TEAM TIDBIT: Ethnic Diversity is our Strength


Did you know that the Takacs McGinnis team is made up of individuals who come from many different ethnic backgrounds? In this issue, attorneys Barbara McGinnis and Tim Takacs, elder care coordinators Pati Bedwell and Debra King, outreach coordinator Dana Hentschel, and office manager Lisa Proctor share some fun facts about their ancestry, family traditions, and much-loved recipes.

Varied Backgrounds

Barbara McGinnis’ mother was born and raised in Trier, Germany. She met Barbara’s father while he was stationed there after World War II. They married in Germany and came stateside in 1962.

Tim Takacs father’s parents (Louis and Helen) were born in the old Austria-Hungarian empire in what is now Czechoslovakia. Helen came to the U.S. in the 1920s and settled in Hammond, Indiana, with the children; Louis came later. The family story is that Louis was a POW in far eastern Russia in the Russian Civil War. He and a buddy escaped and made their way back to Hungary by following the railroad.

Lisa Proctor’s father’s family is mostly English and Native American, per family lore. Her mother’s family is English and Scotch/Irish. Some of her mother’s family came in the 1700s, with her great, great, great maternal grandfather emigrating from Liverpool, England to South Carolina. His descendants eventually found their way to Kentucky.
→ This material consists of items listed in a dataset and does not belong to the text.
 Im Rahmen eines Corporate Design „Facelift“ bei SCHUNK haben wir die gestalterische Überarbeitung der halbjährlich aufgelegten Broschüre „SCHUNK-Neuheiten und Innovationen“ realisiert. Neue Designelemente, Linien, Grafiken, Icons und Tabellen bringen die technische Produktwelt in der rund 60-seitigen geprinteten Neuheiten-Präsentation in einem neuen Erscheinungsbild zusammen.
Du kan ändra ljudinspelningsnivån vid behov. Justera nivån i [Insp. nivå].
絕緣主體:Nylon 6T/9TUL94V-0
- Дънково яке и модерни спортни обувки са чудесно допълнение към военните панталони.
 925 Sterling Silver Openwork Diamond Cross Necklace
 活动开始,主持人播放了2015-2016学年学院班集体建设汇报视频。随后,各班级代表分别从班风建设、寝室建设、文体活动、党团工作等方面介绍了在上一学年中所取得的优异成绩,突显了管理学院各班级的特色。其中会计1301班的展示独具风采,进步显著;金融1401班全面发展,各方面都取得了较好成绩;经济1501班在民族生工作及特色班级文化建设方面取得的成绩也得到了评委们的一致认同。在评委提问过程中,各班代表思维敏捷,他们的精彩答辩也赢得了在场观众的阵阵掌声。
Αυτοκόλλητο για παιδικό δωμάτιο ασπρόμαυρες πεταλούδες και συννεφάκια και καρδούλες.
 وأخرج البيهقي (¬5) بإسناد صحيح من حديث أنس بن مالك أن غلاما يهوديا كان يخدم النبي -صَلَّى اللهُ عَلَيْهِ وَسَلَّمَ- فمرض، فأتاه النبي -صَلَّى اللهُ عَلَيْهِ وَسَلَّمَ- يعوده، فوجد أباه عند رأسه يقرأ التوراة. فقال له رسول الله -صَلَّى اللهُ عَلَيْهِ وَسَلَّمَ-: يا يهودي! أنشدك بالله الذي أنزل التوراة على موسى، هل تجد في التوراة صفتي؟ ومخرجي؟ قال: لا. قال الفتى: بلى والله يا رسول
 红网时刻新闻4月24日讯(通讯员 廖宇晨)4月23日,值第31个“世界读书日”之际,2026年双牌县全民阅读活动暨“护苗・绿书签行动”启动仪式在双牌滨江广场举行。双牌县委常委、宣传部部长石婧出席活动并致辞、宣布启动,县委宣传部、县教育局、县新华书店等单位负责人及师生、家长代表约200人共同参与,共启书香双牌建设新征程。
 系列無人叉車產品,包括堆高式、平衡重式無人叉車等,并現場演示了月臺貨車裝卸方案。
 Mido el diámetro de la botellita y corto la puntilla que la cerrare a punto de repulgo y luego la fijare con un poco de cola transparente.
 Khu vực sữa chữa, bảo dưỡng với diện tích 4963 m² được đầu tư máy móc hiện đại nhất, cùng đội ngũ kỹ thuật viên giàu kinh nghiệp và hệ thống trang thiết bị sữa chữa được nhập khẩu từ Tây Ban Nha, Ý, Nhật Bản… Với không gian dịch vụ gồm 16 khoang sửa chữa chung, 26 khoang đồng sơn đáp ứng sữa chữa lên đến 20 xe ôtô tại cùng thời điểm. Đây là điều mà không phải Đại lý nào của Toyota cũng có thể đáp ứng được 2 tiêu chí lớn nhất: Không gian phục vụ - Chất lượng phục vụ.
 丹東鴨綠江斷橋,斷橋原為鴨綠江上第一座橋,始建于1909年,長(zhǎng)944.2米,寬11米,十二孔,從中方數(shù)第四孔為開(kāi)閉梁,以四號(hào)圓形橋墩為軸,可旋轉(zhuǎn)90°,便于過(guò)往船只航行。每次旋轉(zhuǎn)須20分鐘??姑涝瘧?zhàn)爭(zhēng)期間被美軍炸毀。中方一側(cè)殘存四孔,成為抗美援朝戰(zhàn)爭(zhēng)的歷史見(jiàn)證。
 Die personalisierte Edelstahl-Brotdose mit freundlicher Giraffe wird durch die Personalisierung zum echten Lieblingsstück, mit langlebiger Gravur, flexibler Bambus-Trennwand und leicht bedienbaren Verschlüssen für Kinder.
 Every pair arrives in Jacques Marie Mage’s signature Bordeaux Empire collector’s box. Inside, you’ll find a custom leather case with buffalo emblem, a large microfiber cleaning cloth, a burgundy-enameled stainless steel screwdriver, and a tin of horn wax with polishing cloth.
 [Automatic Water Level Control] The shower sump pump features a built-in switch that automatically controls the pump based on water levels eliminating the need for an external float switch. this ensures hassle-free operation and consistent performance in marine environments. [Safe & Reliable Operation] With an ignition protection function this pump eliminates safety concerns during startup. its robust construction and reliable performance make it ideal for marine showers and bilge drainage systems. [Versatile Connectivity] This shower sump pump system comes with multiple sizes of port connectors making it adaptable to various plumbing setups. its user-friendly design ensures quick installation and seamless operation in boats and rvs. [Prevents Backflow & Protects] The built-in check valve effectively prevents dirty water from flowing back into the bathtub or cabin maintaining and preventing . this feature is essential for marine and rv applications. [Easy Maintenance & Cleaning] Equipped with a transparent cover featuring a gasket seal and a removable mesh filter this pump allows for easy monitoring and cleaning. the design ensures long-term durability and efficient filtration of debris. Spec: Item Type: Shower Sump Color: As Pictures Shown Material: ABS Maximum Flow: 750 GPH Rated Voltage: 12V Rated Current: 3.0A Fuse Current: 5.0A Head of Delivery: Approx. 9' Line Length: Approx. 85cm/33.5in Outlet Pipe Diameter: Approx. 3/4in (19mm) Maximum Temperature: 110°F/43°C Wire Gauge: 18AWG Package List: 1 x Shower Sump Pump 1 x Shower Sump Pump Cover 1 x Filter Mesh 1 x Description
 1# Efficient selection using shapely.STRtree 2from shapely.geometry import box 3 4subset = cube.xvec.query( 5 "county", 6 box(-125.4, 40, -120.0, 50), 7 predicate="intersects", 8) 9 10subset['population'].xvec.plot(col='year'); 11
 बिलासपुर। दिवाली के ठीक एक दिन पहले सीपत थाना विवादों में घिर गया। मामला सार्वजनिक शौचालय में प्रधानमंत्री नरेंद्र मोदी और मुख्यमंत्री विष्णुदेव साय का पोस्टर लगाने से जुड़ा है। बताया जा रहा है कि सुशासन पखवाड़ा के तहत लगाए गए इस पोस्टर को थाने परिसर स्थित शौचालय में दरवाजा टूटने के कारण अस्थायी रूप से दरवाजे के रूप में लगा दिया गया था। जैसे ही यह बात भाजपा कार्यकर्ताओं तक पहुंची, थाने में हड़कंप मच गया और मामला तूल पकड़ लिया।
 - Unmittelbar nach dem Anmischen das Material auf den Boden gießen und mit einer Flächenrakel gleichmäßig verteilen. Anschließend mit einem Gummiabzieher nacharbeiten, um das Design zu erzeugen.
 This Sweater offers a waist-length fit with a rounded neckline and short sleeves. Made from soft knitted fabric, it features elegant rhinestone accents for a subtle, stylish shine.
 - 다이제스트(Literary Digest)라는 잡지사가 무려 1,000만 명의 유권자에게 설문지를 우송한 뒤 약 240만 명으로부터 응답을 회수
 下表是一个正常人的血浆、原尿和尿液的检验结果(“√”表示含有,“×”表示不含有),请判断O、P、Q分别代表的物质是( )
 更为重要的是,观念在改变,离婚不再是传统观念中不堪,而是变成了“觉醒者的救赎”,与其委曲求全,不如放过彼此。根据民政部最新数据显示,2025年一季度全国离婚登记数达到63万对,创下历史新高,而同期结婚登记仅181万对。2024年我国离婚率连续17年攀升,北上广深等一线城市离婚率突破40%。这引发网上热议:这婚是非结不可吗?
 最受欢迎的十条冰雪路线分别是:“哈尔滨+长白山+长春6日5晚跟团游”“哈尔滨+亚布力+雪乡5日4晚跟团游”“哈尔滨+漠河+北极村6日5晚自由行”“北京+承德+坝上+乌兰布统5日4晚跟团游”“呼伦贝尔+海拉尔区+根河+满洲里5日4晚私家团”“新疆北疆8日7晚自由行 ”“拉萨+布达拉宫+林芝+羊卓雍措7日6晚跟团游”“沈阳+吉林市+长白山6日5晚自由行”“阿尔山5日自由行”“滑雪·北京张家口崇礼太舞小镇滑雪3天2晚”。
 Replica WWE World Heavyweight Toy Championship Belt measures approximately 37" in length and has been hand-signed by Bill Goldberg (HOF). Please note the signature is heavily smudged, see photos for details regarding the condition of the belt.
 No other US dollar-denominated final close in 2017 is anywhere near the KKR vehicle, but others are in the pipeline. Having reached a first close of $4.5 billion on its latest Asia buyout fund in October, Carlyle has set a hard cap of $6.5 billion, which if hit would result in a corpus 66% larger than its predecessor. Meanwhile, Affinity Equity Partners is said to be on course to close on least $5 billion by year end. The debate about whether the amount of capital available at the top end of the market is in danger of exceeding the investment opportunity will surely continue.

Patti Bedwell’s father is German; her mother Scotch/Irish. Everyone came to the U.S. in the 1800s. Patti says that both families claim to be Pennsylvania Dutch, and both also claim that Scotch-Irish bullheadedness beats German stubbornness.

Debra King is German on her mother’s side and Croatian on her father’s side. Her paternal grandfather immigrated in the early 1900s when he was 18. Since there is no “Y” in the Croatian language, his name, originally spelled Jelencik, was translated to Yelencich.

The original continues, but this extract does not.